Lalor John P, Wu Hao, Yu Hong
University of Massachusetts, MA, USA.
Boston College, MA, USA.
Proc Conf Empir Methods Nat Lang Process. 2016 Nov;2016:648-657. doi: 10.18653/v1/d16-1062.
Evaluation of NLP methods requires testing against a previously vetted gold-standard test set and reporting standard metrics (accuracy/precision/recall/F1). The current assumption is that all items in a given test set are equal with regards to difficulty and discriminating power. We propose Item Response Theory (IRT) from psychometrics as an alternative means for gold-standard test-set generation and NLP system evaluation. IRT is able to describe characteristics of individual items - their difficulty and discriminating power - and can account for these characteristics in its estimation of human intelligence or ability for an NLP task. In this paper, we demonstrate IRT by generating a gold-standard test set for Recognizing Textual Entailment. By collecting a large number of human responses and fitting our IRT model, we show that our IRT model compares NLP systems with the performance in a human population and is able to provide more insight into system performance than standard evaluation metrics. We show that a high accuracy score does not always imply a high IRT score, which depends on the item characteristics and the response pattern.

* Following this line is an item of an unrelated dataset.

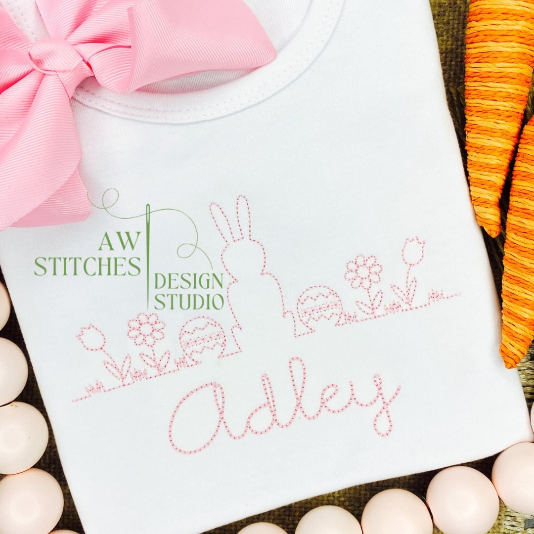 Easter bunny rabbit with Easter eggs and flowers bean stitch, quick stitch machine embroidery design file is included in this download.

对自然语言处理(NLP)方法的评估需要对照预先审核的黄金标准测试集进行测试,并报告标准指标(准确率/精确率/召回率/F1值)。当前的假设是,给定测试集中的所有项目在难度和区分能力方面都是相同的。我们提出将心理测量学中的项目反应理论(IRT)作为生成黄金标准测试集和评估NLP系统的另一种方法。IRT能够描述单个项目的特征——它们的难度和区分能力——并且在估计NLP任务中的人类智能或能力时能够考虑这些特征。在本文中,我们通过为文本蕴含识别生成一个黄金标准测试集来演示IRT。通过收集大量人类回答并拟合我们的IRT模型,我们表明我们的IRT模型将NLP系统与人类群体中的表现进行比较,并且能够比标准评估指标更深入地洞察系统性能。我们表明,高准确率分数并不总是意味着高IRT分数,这取决于项目特征和回答模式。